Dr Khin has already been shot at twice in the line of duty, but the inability to help patients in desperate need is causing him the most grief. An 8pm curfew has made Myanmar’s streets a potential death zone for anyone who ventures out, and emergency medical workers are no exception.

“It is very depressing. We have the calls from those in need of medical services and because of the curfews, the shootings and detentions, we cannot do much for them at night,” he said.
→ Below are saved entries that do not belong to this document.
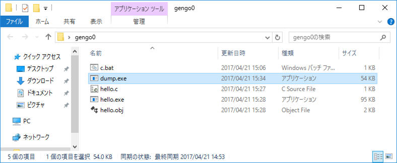 ファイルの中は幾つかの部分にわかれているのですがこの中身をみるための専用プログラムdumpbinが用意されています。コマンドラインから
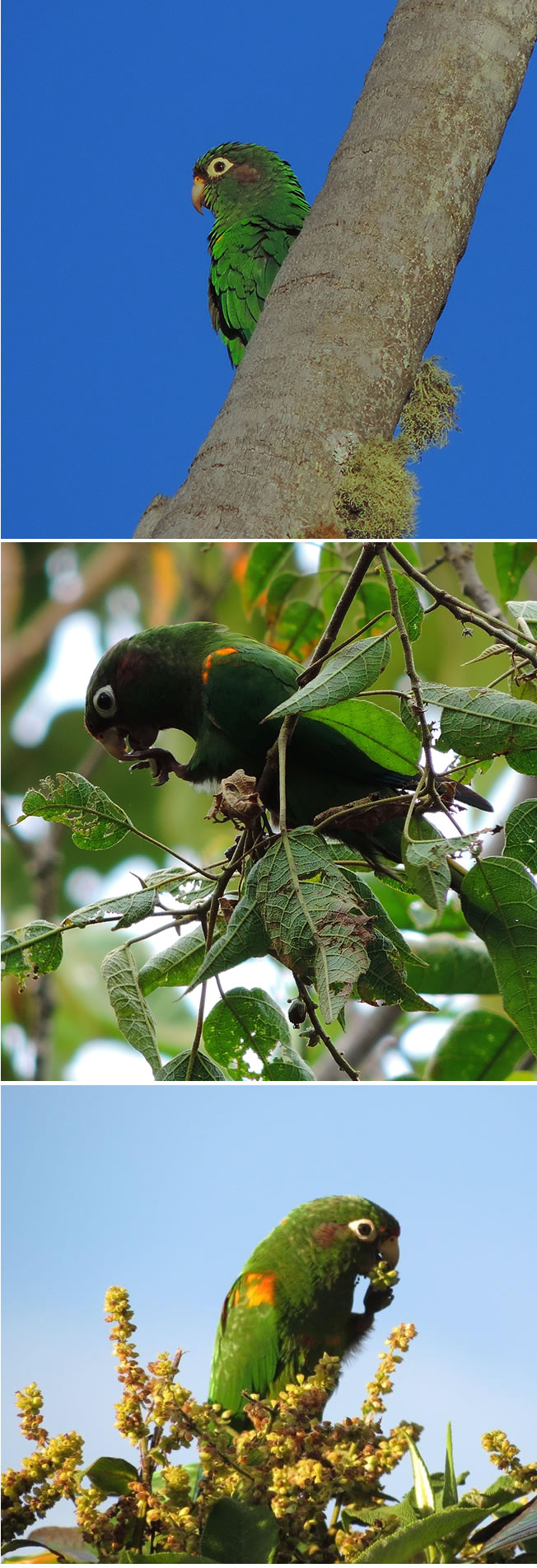 Otro observación importante fue el registro, al interior del bosque, de dos nidos naturales en Palmas de Ramo (Ceroxylon ceriferum); la vegetación aledaña a los nidos exhibe una  composición heterogénea, con presencia de parches de bosque primario  y algunas zonas abiertas de vegetación secundaria con presencia de la misma palma, esta palma predomina en todos los sitios de presencia del periquito.
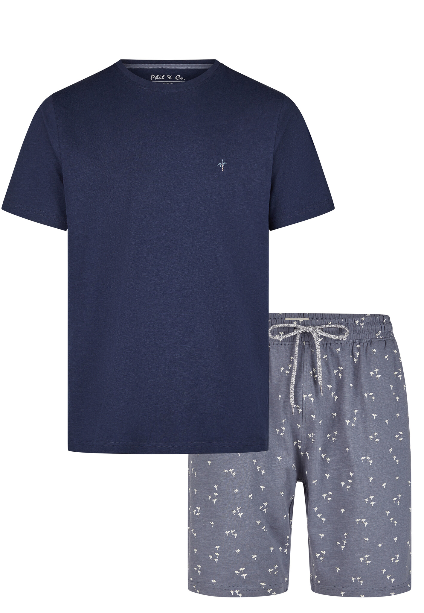 Phil & Co Heren Shortama Korte Pyjama Set Palm Donkerblauw
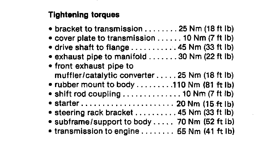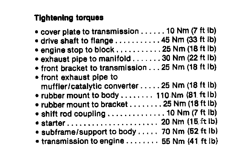 M/T 5-speed 013 Tightening Torque, Control Assembly:
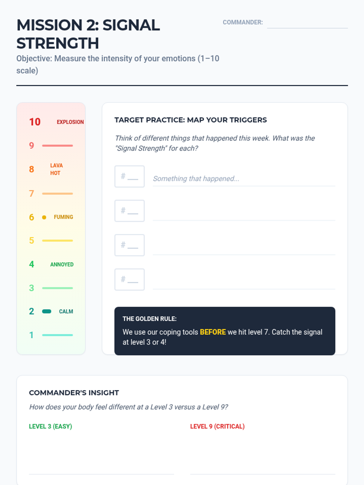 Introduces an intensity scale to help the student differentiate between mild frustration and high-intensity anger or anxiety.
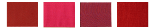 左から、赤色(色彩大鑑)・ 紅(同左)・蘇芳色(同左)・緋色(同左)
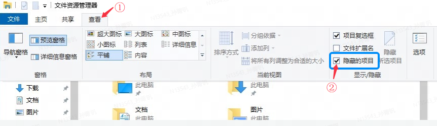 ②第二步,打開(kāi)“文件資源管理器”后,選擇“查看“,并勾選”隱藏的項(xiàng)目“。
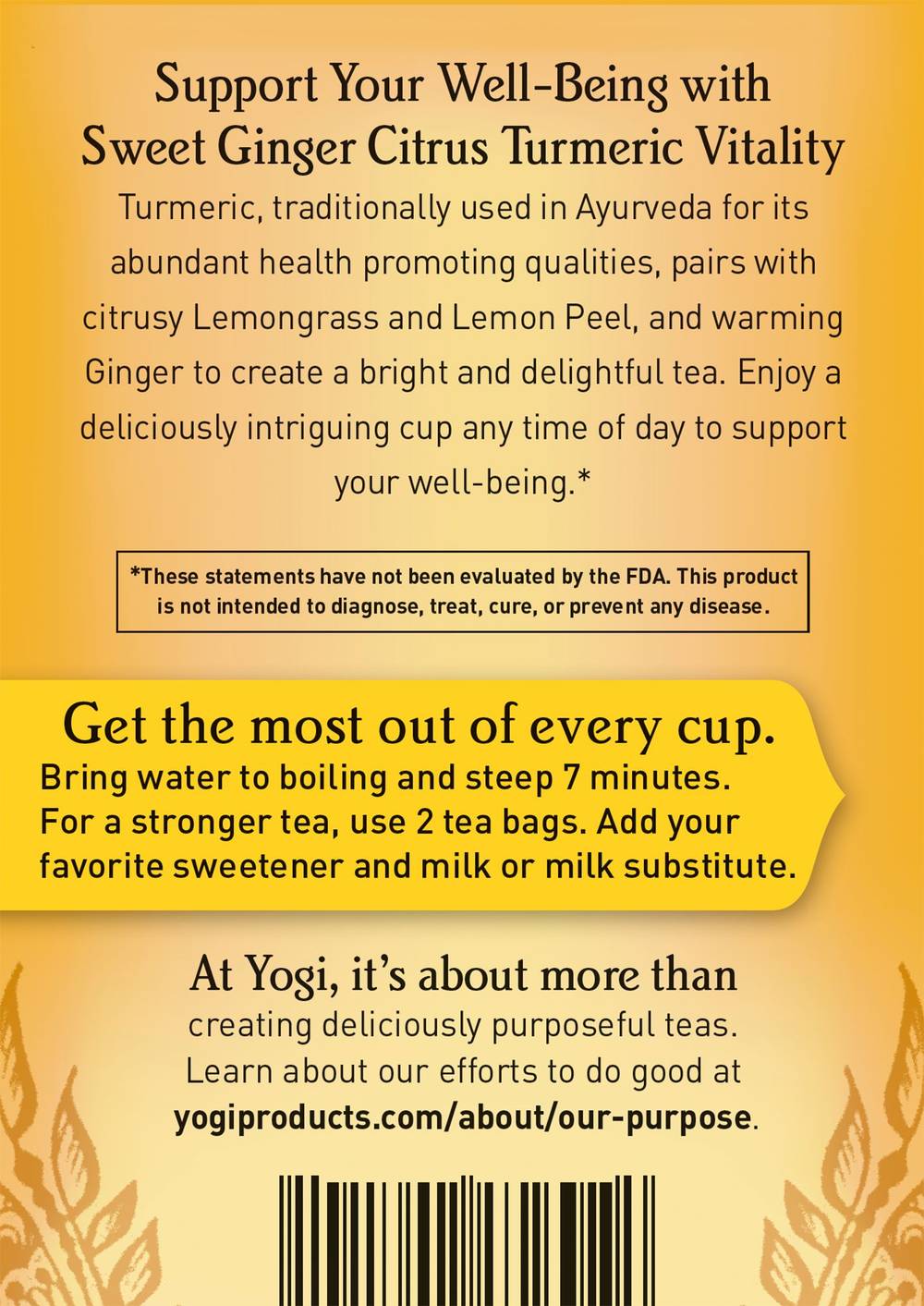 Support your well-being with sweet ginger citrus turmeric Vitality turmeric, traditionally used in ayurveda for its abundant health promoting qualities, pairs with citrusy lemongrass and lemon Peel, and warming ginger to create a bright and delightful tea. Enjoy a deliciously intriguing cup any time of day to support your well-being. Packaging: Reusable
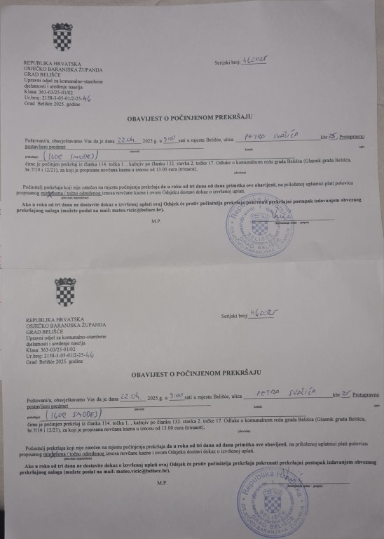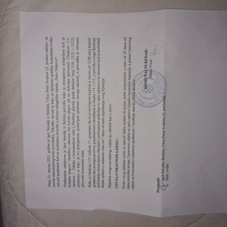 Ako podržavate i brinete za djecu Belišća kao što tvrdite, opozovite sramotno prekršajno postupanje i izrečene novčane kazne, ispričajte se u ime Gradske uprave na nerazumnom postupanju i kaznite sve one u Gradskoj upravi koji su doveli do ovoga sramotnog čina kažnjavanja građanina Belišća koji se brine da se djeca bave sportom.
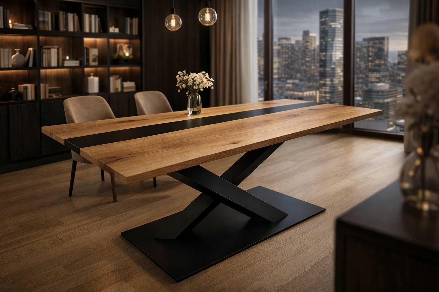 Ten stół to połączenie naturalnego piękna litego dębu z nowoczesną, industrialną formą. Masywny blat wykonany z wysokiej jakości drewna dębowego zachwyca wyrazistym usłojeniem, ciepłą kolorystyką i ponadczasowym charakterem. Każdy egzemplarz jest unikatowy – rysunek słojów i struktura drewna sprawiają, że stół staje się centralnym punktem wnętrza.
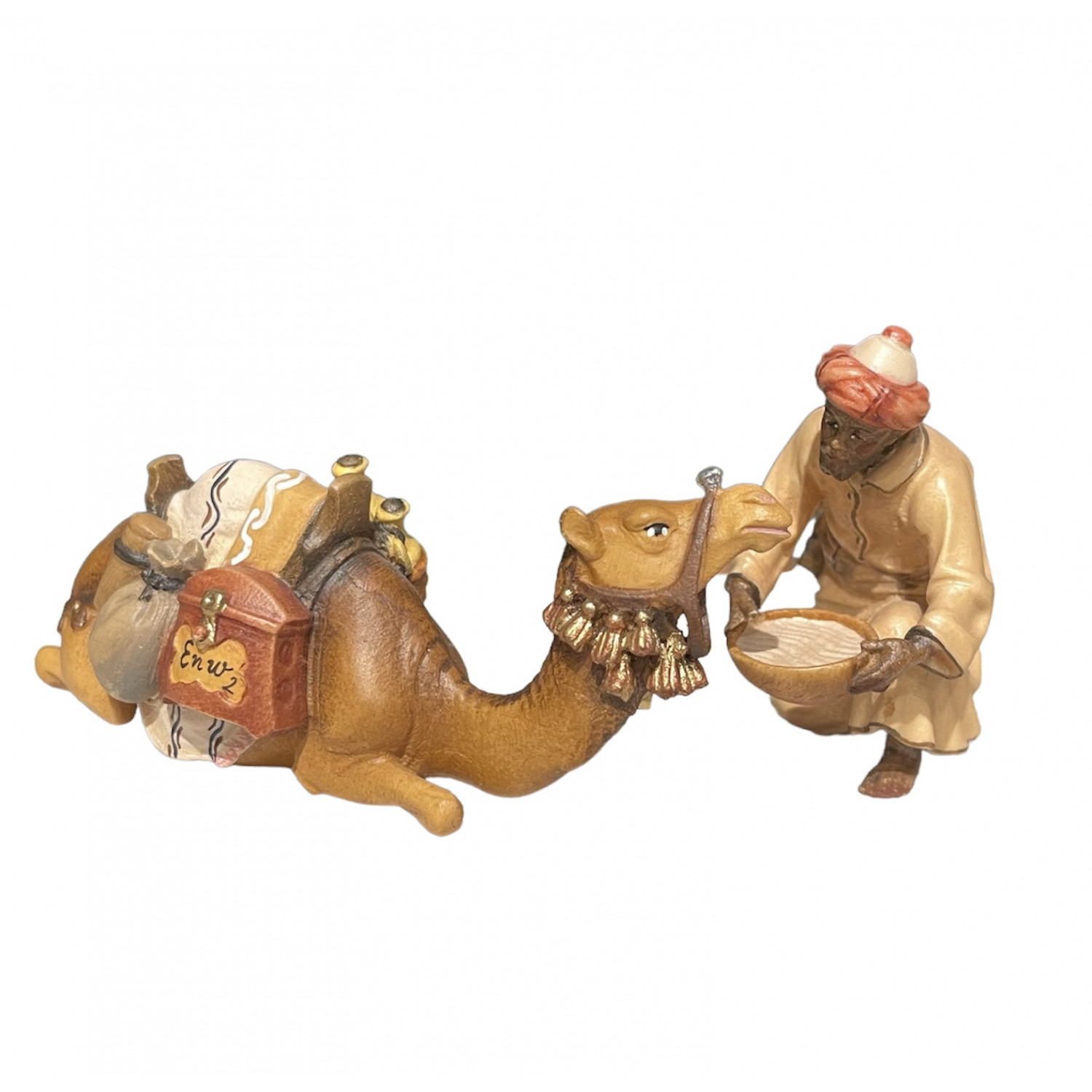Camel lying down with camel driver Carved and painted maple wood Nativity Scene
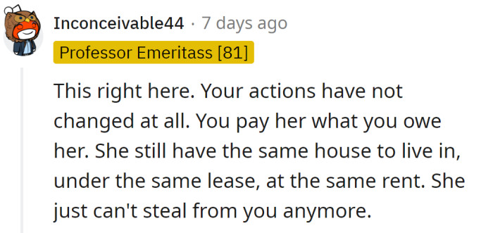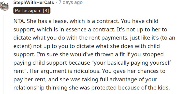 RedditThe OP explained his ex and their children live in his house, he pays child support, and she pays him rent:
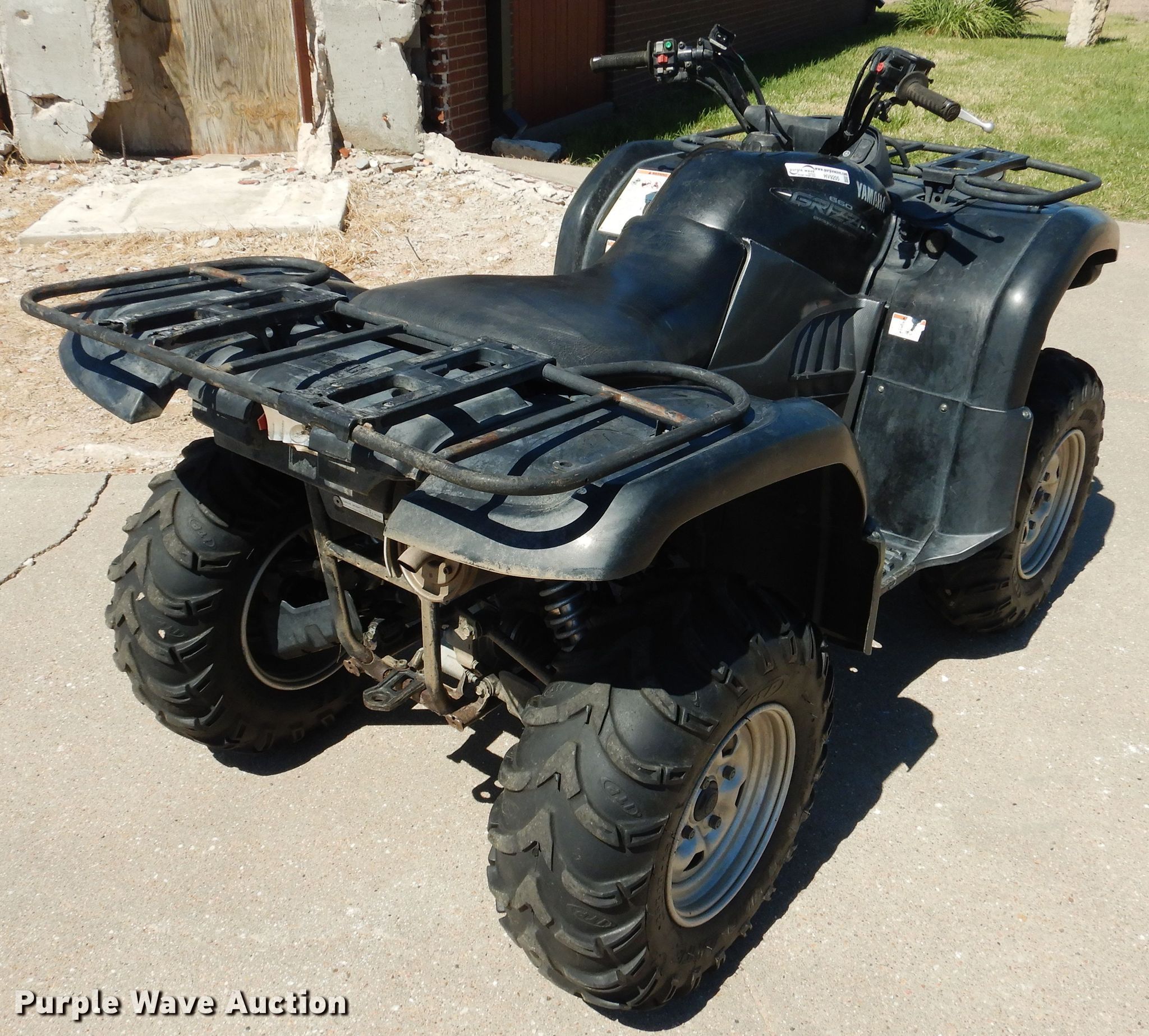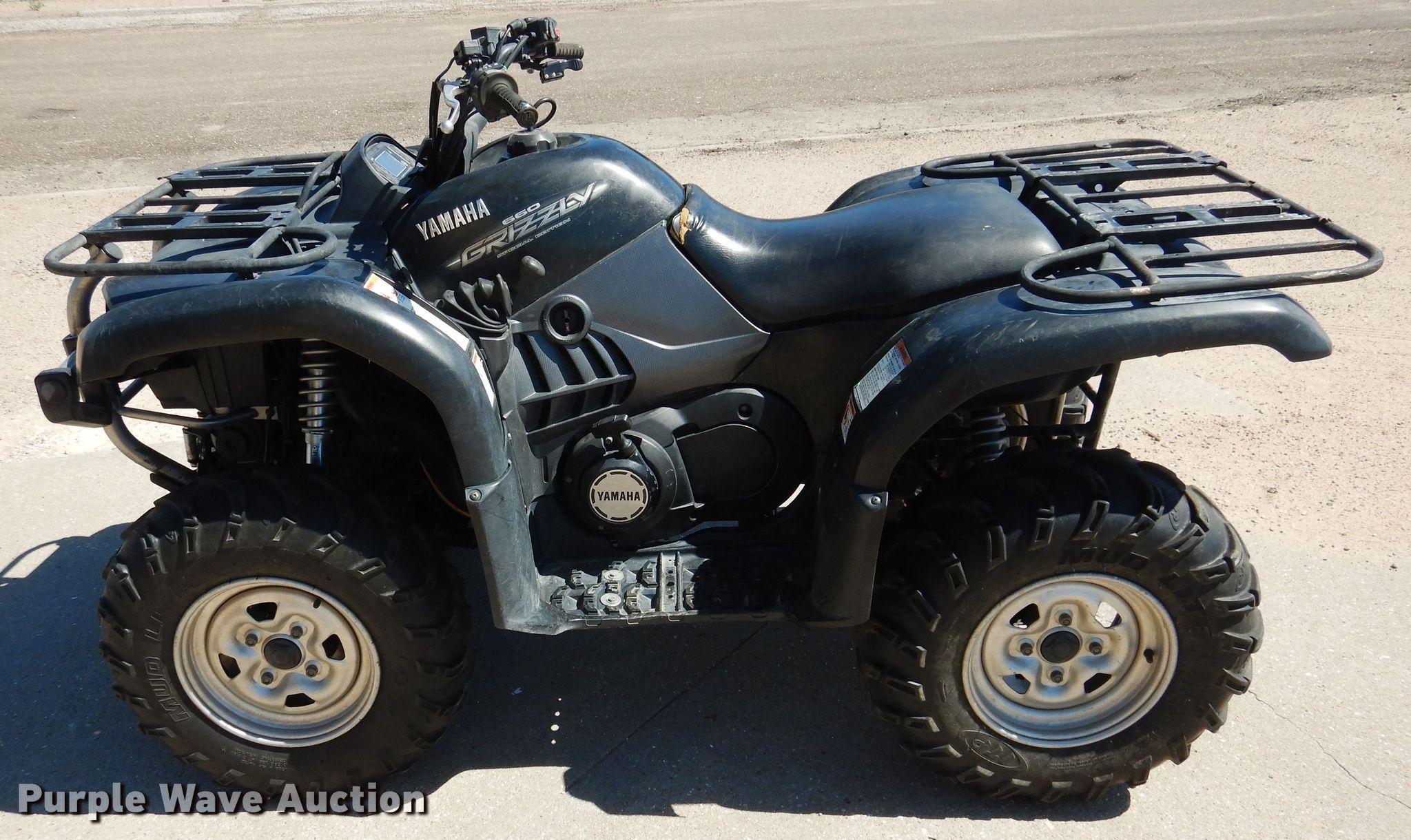 Purple Wave is selling a used ATV in Kansas. This item is a 2005 Yamaha Grizzly 650 ATV with the following: 6,092 miles on odometer, 2,443 hours on meter, Yamaha 660cc single cylinder gas engine, CVT transmission, Four wheel drive, Winch, Grill guard, 25x8-12 front tires, 25x10-12 rear tires
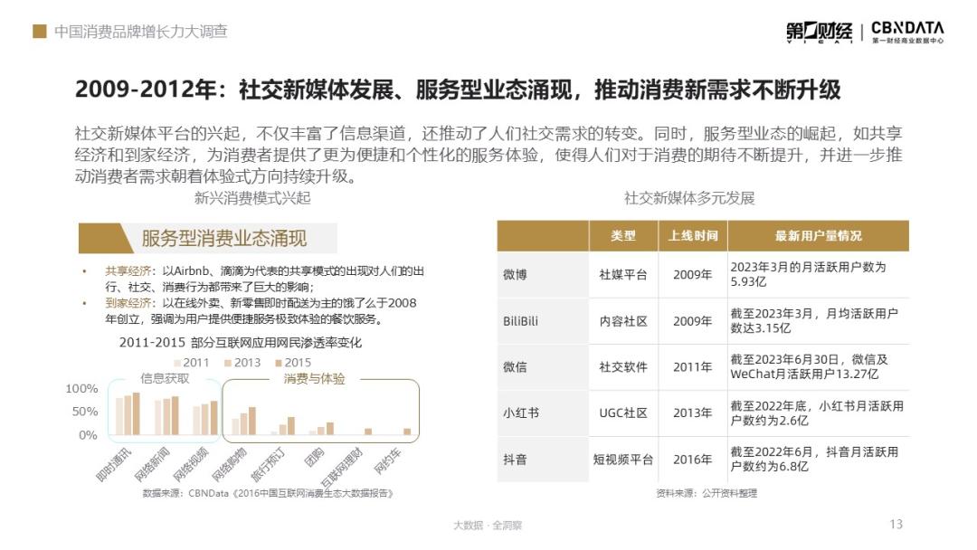 2008年奥运会成功举办后,以2009年3G技术引入为起点,2009-2012年我们迎来了社交媒体平台的繁荣。在消费与内需的重要性不断被政策强调的同时,服务型消费业态向互联网迁移的速度加快,网络购物、旅行预订等互联网应用的网民渗透率逐年提升。与此同时,微博、哔哩哔哩、微信等一众社交新媒体平台也在此阶段登上了商业舞台。
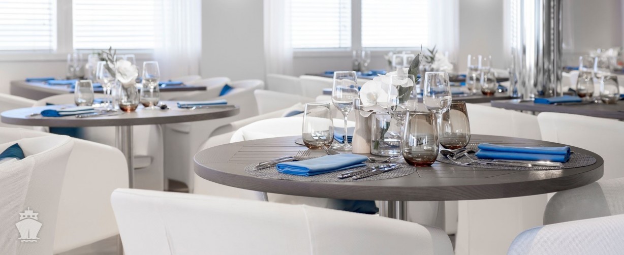 Pravá francouzská cuisine připravena francouzskými šéfkuchaři. Výhradně čerstvé ingredience a vysoce-odborná příprava zaručují výjimečnou kulinářské úroveň. Snídaně jsou formou bufetu nebo si je můžete dát přinést do kajuty. Oběd je ve formě bufetu a večeře ve francouzském stylu se podává v restauraci. Během celého dne jsou k dispozici káva, čaj a malé občerstvení.

“One day I had an emergency call from a patient involved in a hit and run. His wife was already dead on the road. He called my number and asked for help,” he said.

“We had one rescue team about 10 blocks away, but military forces were in the middle, shooting everything. My rescue team could not go out and help him and he died,” said Dr Khin.

“There are a lot of cases. Sometimes I have get calls for help with emergency baby deliveries. In one case, there was no ambulance to take the woman out to the hospital in time and the child died,” he said.

To try to prevent needless tragedies, Dr Khin and many of his colleagues have set up a network of private clinics to treat injured protesters and the most vulnerable communities.

Expectant mothers can now attend one of his clinics specialising in maternal and childcare, and plan the timing of their baby’s delivery to avoid being endangered by the curfew. But running a clinic is also fraught with danger.

“We have some people on the two blocks north and south of the clinic. They watch and when they see soldiers coming they call us. So, we have some minimal time to flee from the back door,” said Dr Khin.

Dr Htun, who was forced to flee Mandalay after narrowly escaping a military raid on his home, still helps coordinate a cluster of clandestine clinics and emergency response teams.

On April 29, “clinic 3” received a tip-off from a friendly police officer that it would be targeted by the junta on May 1.

“We were able to close down the base before they arrived. They came and checked and there was nothing, no medical personnel, it was an empty space. They were angry,” he said.

One of the military’s obvious aims was to scare volunteers and threaten them with guns. But Dr Htun said he had noticed a pattern of raids ahead of big protest events.

“They want to make sure that nobody takes care of the wounded. That’s the intention.” Sometimes, the military’s actions appear to be motivated by nothing more than cruelty. “Ambulances are being hunted down and shot at during the curfew hours,” said Dr Htun, describing how a rescue team had been blocked on the way to provide oxygen to a man in respiratory distress.

“They were begging them that one of the patients was suffering and needed oxygen immediately and they refused to let it go..The patient died of a lack of oxygen after 30 minutes,” he said.

“They don’t give you any reasons. If they say stop, you stop if they say go, you go, if they say get down from the car you get down. If you ask for the reason they will hit you with the gun,” Dr Htun added.

“We’ve become psychologically numb,” he said. “We are all human beings. We are scared of arrest and detention. Some of the people they detain at night and give only the body back in the morning. Our doctors are brave, they are working selflessly and don’t care about themselves anymore.”

The situation has left many doctors desperate and exhausted. “If we don’t get any help from the international community, I feel helpless, but we are still fighting our best,” said Dr Hlaing, another medic forced from her home. “We need more action than statements.”

The military were committing “crimes against humanity,” charged Dr Khin. “We urgently need the international community to pressure the military junta to let us do medical emergency services anywhere, anytime, at any cost.”